Conference Report: European Association for Palliative Care Congress (EAPC) 2024

Palliative Care has only formed 2 weeks of our medical curriculum. Of those 2 weeks, most of our time was occupied with assimilating the nuances of prescribing for patients receiving palliative care: from learning about opioid conversion, the mode of action of anti-emetics to how to ensure all the drugs were compatible for syringe drivers. I was glad to spend some time talking to patients and their families which provided a deeper and broader perspective to caring for this population group. However, at the end, I was still eager to know more about the ethical considerations to be acknowledged when dealing with patients whose time remaining was very precious.

This led me to work on various projects, such as writing an award-winning essay on the specific needs of patients from sexual and gender minorities receiving palliative care and the ethical concerns around the concept of ‘chosen’ family over biological family and disclosure of sexual orientation. More recently, I worked on a project regarding use of immersive VR in improving mental wellbeing in patients with chronic illness and the ethical implications around distribution and accessibility. Thanks to the conference grant awarded by the Institute of Medical Ethics, I was supported to present this work at the European Association for Palliative Care Congress (EAPC) 2024.

This 3-day conference was a remarkable experience, where I not only got to present my work to a room of about 100 people but I benefitted from having a discussion with other attendees and other speakers. Topics of interest during the conference were the global disparity in resources allocated to palliative care, the importance of cultural competence when talking about palliative care clinically and when recruiting participants for research as well as the discrepancy in which conditions are considered to merit palliative care measures and care. A particularly underrepresented group in the conference was the paediatric population. I felt that these overall encapsulate the numerous barriers facing patients at the last stages of their life: be it resources, awareness or cultural stigma.
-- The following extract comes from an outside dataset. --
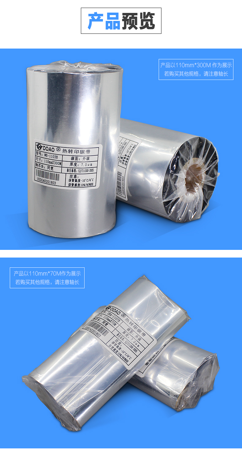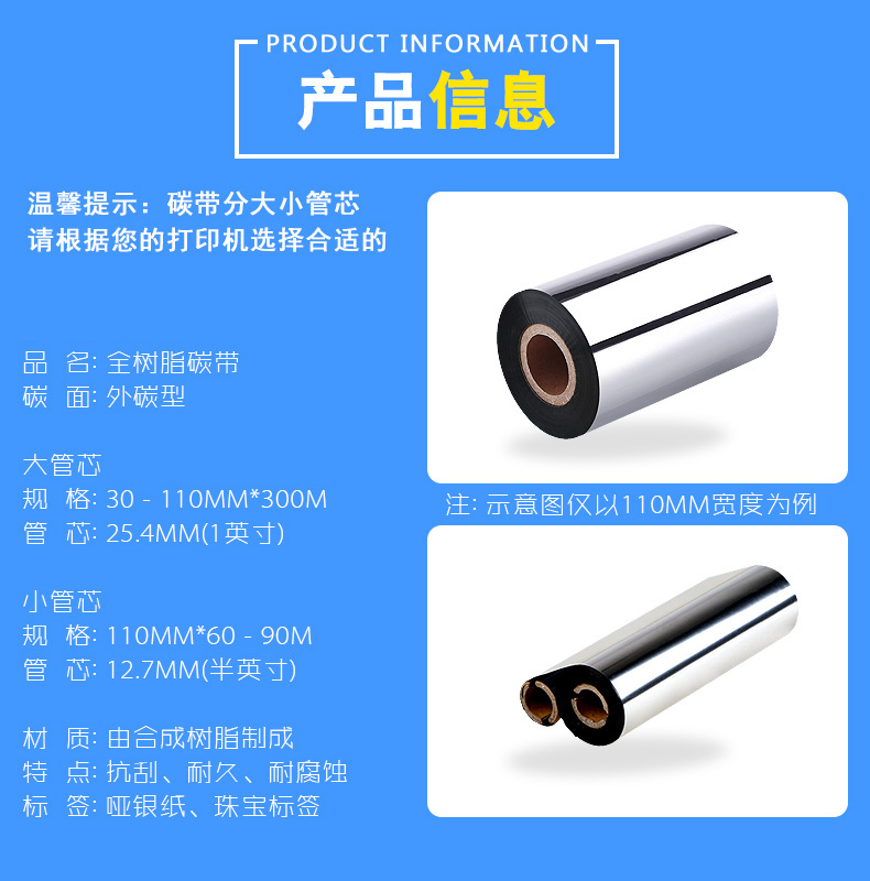 • 商品名称:安兴 树脂碳带 热转印碳带 打印清晰 防括不掉色碳带 (90*300)

There were two events however that left a particular impact. One was a discussion that spiralled from questions during panel discussion. While euthanasia is already a controversial topic, in this case the spotlight was on whether supranational organisations such as the EU had the power to oblige doctors to conduct physician-assisted dying, whereby undermining the doctor’s autonomy. Another interesting activity was a talk of the ethical implications of AI in palliative care. This talk opened my eyes to how unprepared doctors are at dealing with the ethical challenges imposed by AI such as patient consent to know prognosis has been generated by AI, the dilemma of offering services such as creation of AI-generated personas after death and use of AI algorithms in allocating care and ceilings of care.

After attending this conference, I felt energised and an urge to continue exploring ethical issues both clinically and through my work as an academic. In particular, I wish to further work on the ethical underpinnings supporting provision of palliative care and euthanasia to incarcerated individuals and people living with chronic mental illnesses such as treatment-resistant schizophrenia.

I would like to thank Lorraine Peers and the rest of the committee from the Institute of Medical Ethics for this opportunity, the EAPC organising committee and my supervisor Professor Martin Dempster and his team at Queen’s University Belfast.